=== Begin Enclosure ===

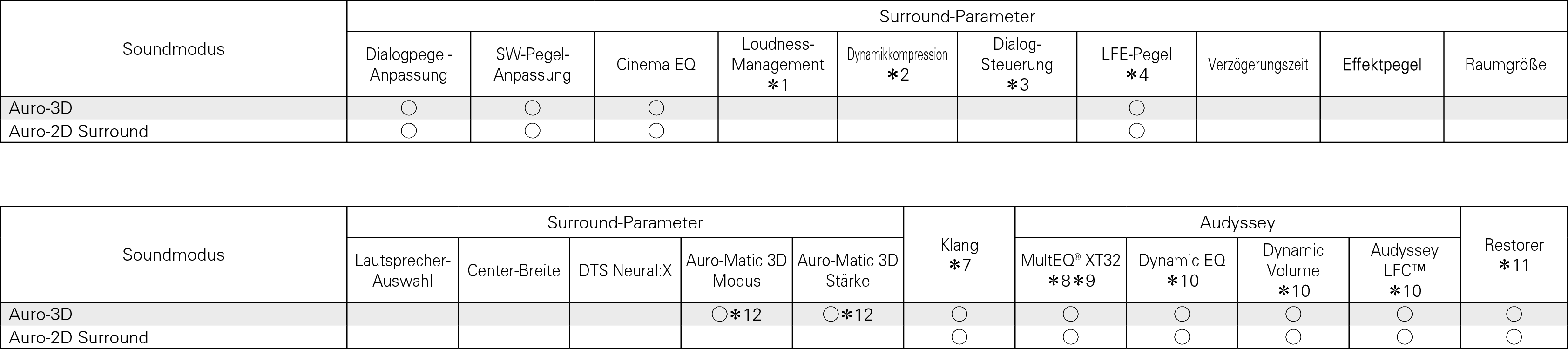 Diese Einstellung kann nicht vorgenommen werden, wenn die Audyssey®-Einmessung (Lautsprecherkalibrierung) nicht ausgeführt wurde.
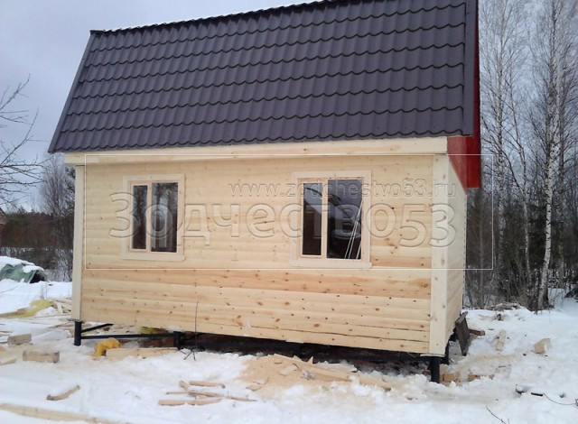 - Второй этаж: 4.5×6.0 по высоте 2.2м., каркасно-щитовой, обшивается вагонкой класса «В» 16мм с утеплением в 50мм.
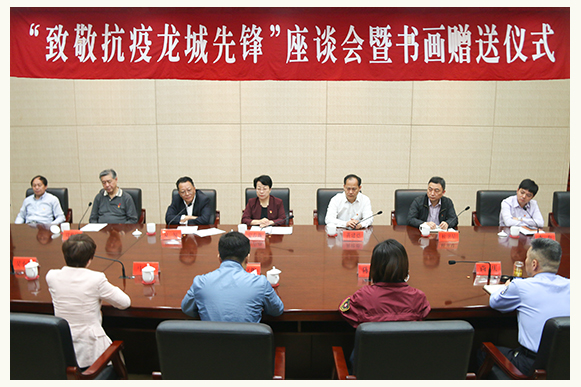 5月9日上午,由中共常州市委组织部、常州市文联联合举办的“致敬抗疫龙城先锋”座谈会暨书画赠送仪式在常州市行政中心高远厅举行,常州市书画家创作的130件书画作品赠予奋战在疫情防控一线的先锋模范,向他们表达崇高敬意。常州市委组织部副部长、党建办主任、两新工委书记安春燕,常州市文联党组书记、主席黄建德,“抗疫龙城先锋”及艺术家代表参加赠送仪式。

=== End Enclosure ===

THE TASK - Reproduce exactly the lines from the one with "- Второй этаж: 4.5×6.0" to the bottom of the listing, both ends included, and nothing else. Skip the pictures.

SOLUTION BELOW -
 - Второй этаж: 4.5×6.0 по высоте 2.2м., каркасно-щитовой, обшивается вагонкой класса «В» 16мм с утеплением в 50мм.
 5月9日上午,由中共常州市委组织部、常州市文联联合举办的“致敬抗疫龙城先锋”座谈会暨书画赠送仪式在常州市行政中心高远厅举行,常州市书画家创作的130件书画作品赠予奋战在疫情防控一线的先锋模范,向他们表达崇高敬意。常州市委组织部副部长、党建办主任、两新工委书记安春燕,常州市文联党组书记、主席黄建德,“抗疫龙城先锋”及艺术家代表参加赠送仪式。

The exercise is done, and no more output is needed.